Our Farm

Kilgus Dairy has been in operation since 1950′s, when Duane and Arlene Kilgus bought their first holstein cow. After growing the holstein herd for many years, the Kilgus family decided to do a gradual switch over of the herd to Jersey cows in the mid 90′s.  Since then we haven’t looked back enjoying the scenes of the small, docile, brown cows grazing the lush grasses of central Illinois.

The other big management switch on our dairy farm we made was made over seven years ago when we took over 50 acres of good black soil for growing corn and soybeans and turned it into a field of seventeen, two and a half acre paddocks of lush rye grass, orchard grass, and clover for our cows to graze on.  This was one or the biggest changes we had ever made on the farm, but it has been one that has benefited our cows as well as ourselves in many different ways.  From April until late November, our cows are out grazing in the pastures.  Our cows are rotated to a fresh paddock of grass every 24 hours.  This allows them to eat a paddock down and then it allows that paddock to grow back for two weeks until they graze it again.  We will mow the paddocks a few times every year to help keep the grass fresh and to keep weeds from growing in the paddocks.  No chemicals are ever sprayed on our grasses, all weed control is done by mowing the paddocks down.

What are the benefits we’ve seen from the pasture system?  We’ve seen numerous improvements in our herd since we started pasturing seven years ago.

  • We have healthier cows, with a life expectancy of over 8 years.  This is because the cows are off of concrete lots and its easier on their feet and legs.  They also stay much healthier when out in the fresh air.
  • We spend less on traditional feed, and have calculated that our costs per hundred weight of milk are around $11 (where confinement operations may be $14-15 cwt).
  • The cows do all their own harvesting of the pasture and we aren’t out burning fuel to harvest the feed for them to eat in the barn.  At the same time they are eating they are spreading their waste back on the land to supply fertilizer back to the pastures.
  • With cows living longer we’ve been able to increase our herd numbers from within our herd.
  • Frankly, there’s few sites prettier than a herd of Jersey cows on a green pasture!

Our farm has three large barns, and a number of holding pens for our steers, pigs, and calves.  A milk house and milking parlor allows us to milk 20 cows at a time, which we do twice a day.

In 2004, Justin and Trent Kilgus established a small meat goat operation as part of a 4-H  project, and built a large permanent hoop structure for the goats through a grant for small farms supplying products to Chicago restaurants.   They now have 140 goats and sell goat meat to some of the best restaurants in Chicago (see products section).

In June of 2009 we started bottling our own milk on farm.  This is something as a family we decided to do to help bring more family members into the business.  This is something we saw a real need for in Illinois because there were no other farmstead bottlers in the state when we started bottling.  We wanted to offer a single source product to Illinois consumers.
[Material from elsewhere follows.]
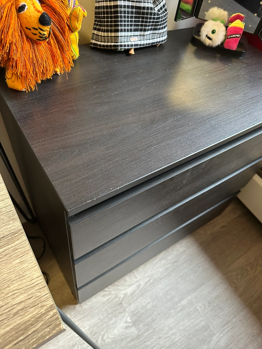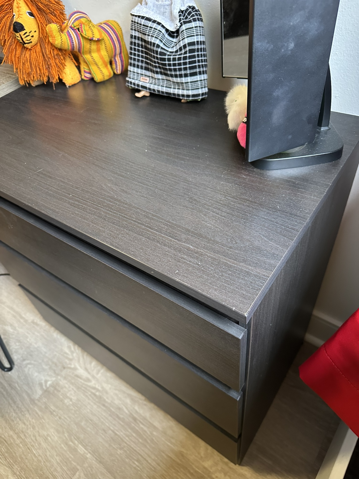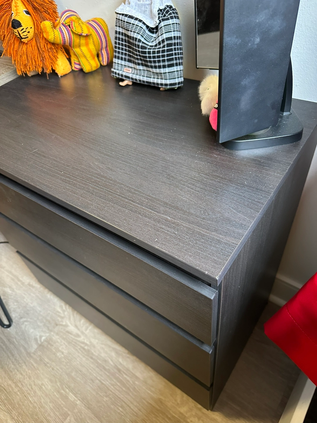 A dark grey wooden nightstand with three drawers. The nightstand is approximately 24" wide and 27" tall. It is in good condition, but there is a small scuff mark on the top.
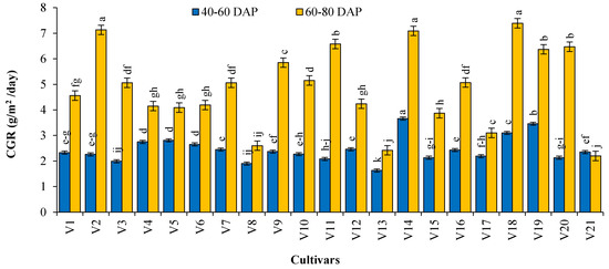 The crop growth rate of different potato cultivars during various stages of growth (two years pooled data); values with different lower case letters are significantly different between each other at the 5% level of significance (p ≤ 0.05); vertical bars represent standard error of mean values.

Why not bottle and share Kilgus Jersey milk with consumers that are interested in healthy, local products?  The bottling plant was designed to incorporate an on-farm store, including a viewing window that would allow visitors to observe the whole bottling operation.  Equipment allows the bottling of milk, but also the production of soft serve ice cream mix.  All Kilgus Farmstead Creamery and Meat products are available in our on-farm store, as well as selected cheeses and specialty products.

It All Starts With the Cows

On the farm, we have 130 registered Jersey milking cows, 75 calves and heifers (or young female cows), and 25 steers.  Jersey cows are light brown and smaller than Holsteins.  As a breed, they also give less milk than their black and white counterparts, but their milk is highly prized by cheesemakers, chefs, and others because of its increased protein and calcium.  We think – and many of out customers agree – that Jersey milk tastes better, and we encourage you to taste the different in our milk.

Our cows are out on pasture starting in April, lasting through the summer, and enjoy pasture grass until November.  During the winter months the cows are fed a ration of non-GMO corn silage that we grow here on the farm, as well as a variety of grass hay, and alfalfa hay that we grow.  Each day after morning milking, the cows are led out into their pasture where water is also available;  they return to the barn for the evening milking.

Only Kilgus Dairy milk goes into Kilgus Farmstead Creamery products.  We are the only single source farmstead milk bottling plant in Central Illinois, and our products are all sold within 150 miles of our farm to insure freshness and customer trust.